The fish on your plate could be destroying the environment, fish populations and your health. And then again, that filet of salmon could be completely innocent. However, taking a few moments to get informed and asking a question or two won’t hurt at all.


Knowing where seafood is from and how it is caught or farmed is essential to making responsible choices about food.

I swear I’m not trying to turn your seafood dining or shopping experience into an episode of “Portlandia.” You won’t have to join a fishing cult or even visit a farm if you don’t want to. You simply have to spend a few moments storing away bits of information that will help you decide when to pick up a fork and when to pass.

While “sustainable” can easily be written off as a meaningless buzzword created to make us feel better and shell out more money, ignoring it has consequences in the realm of seafood. Sustainability when addressing seafood deals with a few factors, such as where in the world the seafood is from as some countries have looser regulations than others, whether wild fish is caught using single or several fishing lines, traps or nets, and whether farmed fish is raised in healthy ways.

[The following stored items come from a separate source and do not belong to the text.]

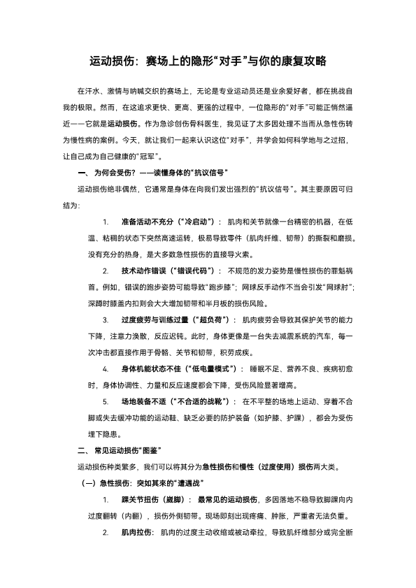 动损伤X赛场上的隐形 对手与你的康复攻略
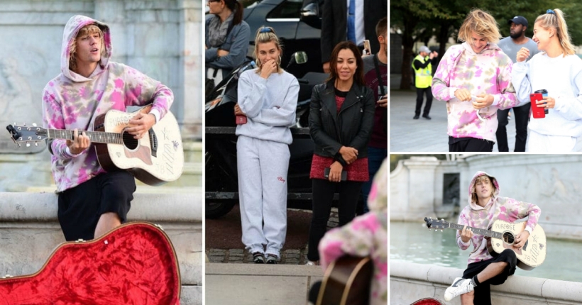 Џастин Бибер накратко стана уличен музичар и ги изненади минувачите пред Бакингемската палата со изведба на неколку песни за неговата нова сопруга Хејли Болдвин.
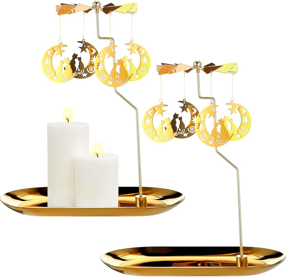 Norme مجموعتان من حامل الشموع الخفيفة الدوارة الدوارة مع صينية ذهبية معدنية لطاحونة الهواء شمعدان دوار للشموع الدائرية لطاولة الزفاف وحفلات الزفاف المركزية هدية تزيين المنزل، قطة القمر الذهبية
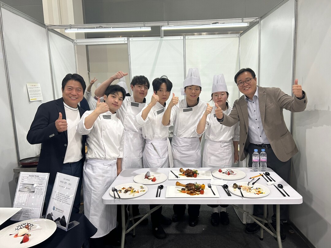 가톨릭관동대 조리외식경영학전공가 ‘2024 대한민국 국제요리&제과경연대회’에서 금상을 수상했다. 사진=가톨릭관동대 제공 |
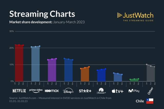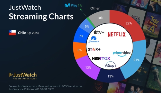 Se mantienen con sus números Paramount+ (7%) y AppleTV+ con sus cinco puntos porcentuales, mientras que el once por ciento restante de la torta del streaming en Chile se reparte en el apartado “otros”.

Though eating local seafood is recommended, it is unrealistic to expect every single fish or mussell to be from within the United States. About 91 percent of seafood eaten in the United States is imported, according to FishWatch. When possible, local seafood farming or fishing can be easier to look into and, by not eating fish flown across the world in a jet, you help the environment in general.

Besides, fresh wild fish is extremely delicious. Farmers markets often have vendors who sell fresh, locally caught or farmed fish and are usually also sustainable. Checking out a local fish market and conversing with the vendors is another option. In the store, checking the label for at least the place of origin can tell you a lot.

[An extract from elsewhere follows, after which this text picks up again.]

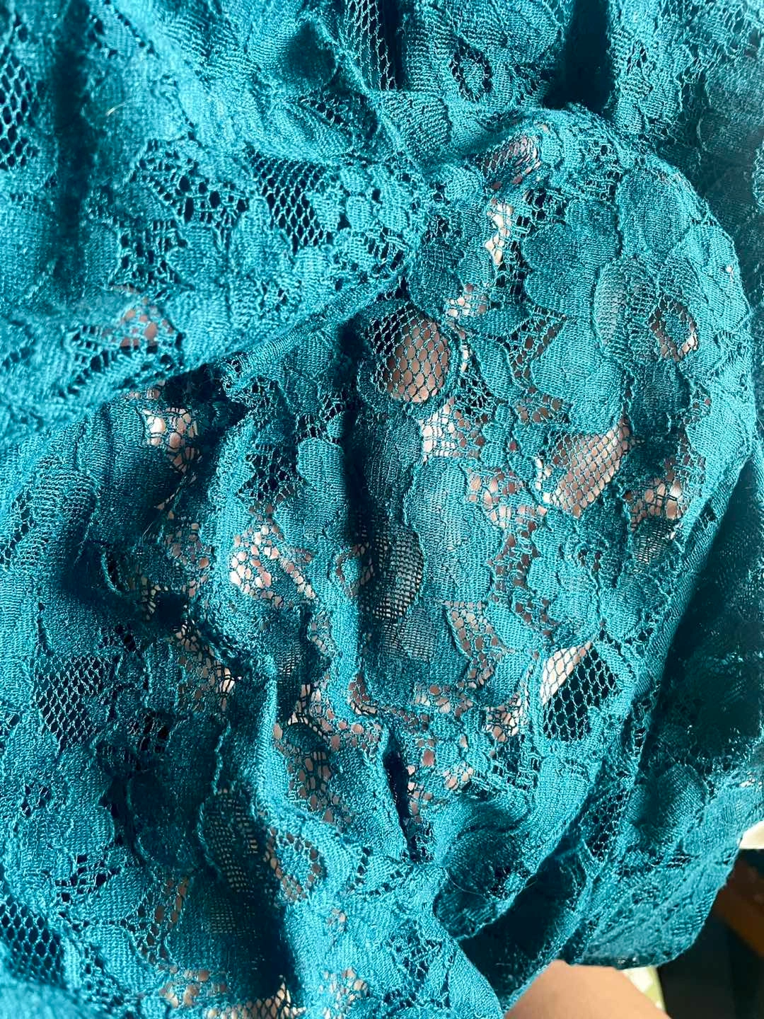 Beautiful dress perfect for summer/garden events! Deep teal color Swiss dots and lace overlay Key hole cut out in the back + gorgeous little buttons hidden zipper on the back, fully lined Fit and flare cut was gifted this to attend a wedding but didn’t end up using it so it’s pretty much brand new. Only tried on never worn out. Never laundered. There’s a medium amount of stretch given the lace so it fits like a glove. Fit true to US small size. Outer layer: 67% cotton, 33% nylon Lining: 100% polyester Pick up at Church / Wellesley Check out my other items! Happy to bundle 🛍️ Cash only.

Diving into the particulars of sustainable seafood can be daunting. Not only are there various types of fish, some of which can be recommended to avoid because of depletion of fish populations due to overfishing, but within species it can vary by fishing practices and geography.

For instance, shrimp from U.S., Southeast Asia and Thailand farms or caught in the Gulf of Mexico, Oregon or the Canadian Atlantic are okay. However, farmed shrimp from Mexico are undesirable and wild shrimp caught in Louisiana and Mexico should be avoided — mostly because they are often caught by trawl nets which can catch and kill other fish. As that is merely one species out of the broad range of seafood, I’m guessing you have more pressing things to memorize as a college student.

Luckily, there’s an app for this. The Monterey Bay Aquarium Seafood Watch program, which has been working to raise awareness about seafood practices since 1999, created the Seafood Watch app as another way to simplify your decision making process. Handier than their printable pocket guides, the app allows users to search an extensive database of seafood recommendations, including fish used in sushi. If you have a smartphone, choosing sustainable fish is literally at your fingertips. Making a habit out of checking the seafood on the menu or at the store against this seafood search engine will make a difference.